→ Exercise description:
Needed from the data below: all lines that contain the word "esta".

══ Information ══

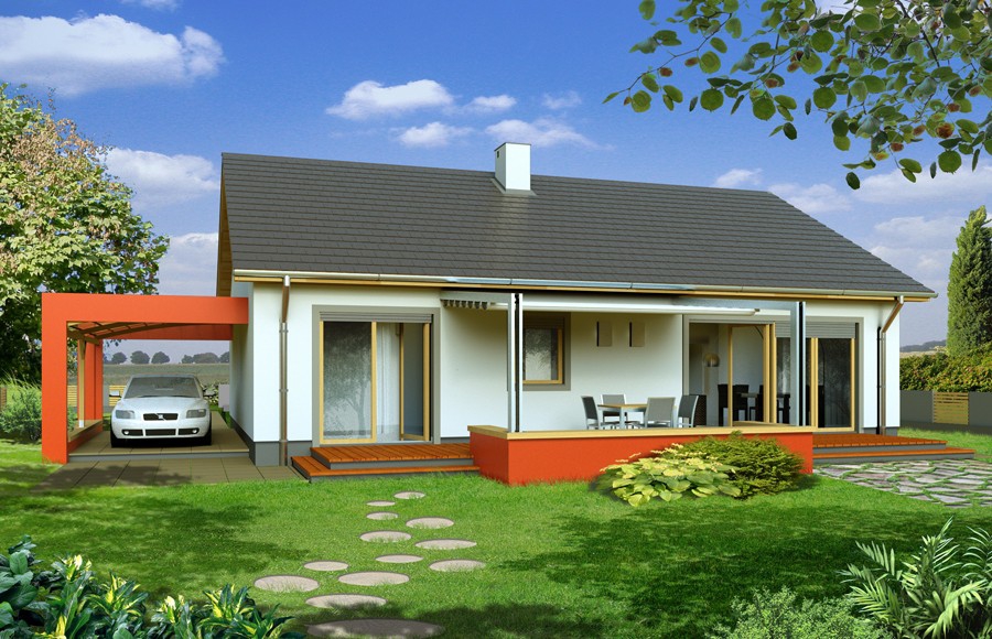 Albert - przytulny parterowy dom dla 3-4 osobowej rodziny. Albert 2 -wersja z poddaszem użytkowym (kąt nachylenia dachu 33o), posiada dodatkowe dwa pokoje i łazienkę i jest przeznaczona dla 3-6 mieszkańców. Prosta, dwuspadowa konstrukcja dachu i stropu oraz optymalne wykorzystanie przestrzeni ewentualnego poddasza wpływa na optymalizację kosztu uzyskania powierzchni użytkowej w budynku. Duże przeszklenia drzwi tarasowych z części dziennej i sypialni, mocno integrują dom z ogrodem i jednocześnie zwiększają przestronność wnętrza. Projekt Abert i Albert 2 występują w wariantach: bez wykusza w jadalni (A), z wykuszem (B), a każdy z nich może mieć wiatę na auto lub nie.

═══
══ Information ══

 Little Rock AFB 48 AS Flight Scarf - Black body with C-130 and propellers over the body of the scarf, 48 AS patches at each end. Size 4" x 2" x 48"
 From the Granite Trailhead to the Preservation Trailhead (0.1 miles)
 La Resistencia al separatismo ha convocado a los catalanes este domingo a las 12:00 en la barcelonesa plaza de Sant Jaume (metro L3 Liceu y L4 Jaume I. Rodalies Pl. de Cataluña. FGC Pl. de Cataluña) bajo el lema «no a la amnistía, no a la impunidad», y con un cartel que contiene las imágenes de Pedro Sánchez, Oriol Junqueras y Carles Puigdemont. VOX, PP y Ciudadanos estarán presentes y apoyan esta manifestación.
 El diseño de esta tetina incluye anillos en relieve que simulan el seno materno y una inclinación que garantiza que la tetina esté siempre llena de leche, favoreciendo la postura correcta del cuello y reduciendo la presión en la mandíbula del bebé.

═══
══ Information ══

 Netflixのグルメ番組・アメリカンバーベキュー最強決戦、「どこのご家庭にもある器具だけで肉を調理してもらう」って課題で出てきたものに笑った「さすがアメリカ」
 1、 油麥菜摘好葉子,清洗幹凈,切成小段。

═══

→ Written reply:
 La Resistencia al separatismo ha convocado a los catalanes este domingo a las 12:00 en la barcelonesa plaza de Sant Jaume (metro L3 Liceu y L4 Jaume I. Rodalies Pl. de Cataluña. FGC Pl. de Cataluña) bajo el lema «no a la amnistía, no a la impunidad», y con un cartel que contiene las imágenes de Pedro Sánchez, Oriol Junqueras y Carles Puigdemont. VOX, PP y Ciudadanos estarán presentes y apoyan esta manifestación.
 El diseño de esta tetina incluye anillos en relieve que simulan el seno materno y una inclinación que garantiza que la tetina esté siempre llena de leche, favoreciendo la postura correcta del cuello y reduciendo la presión en la mandíbula del bebé.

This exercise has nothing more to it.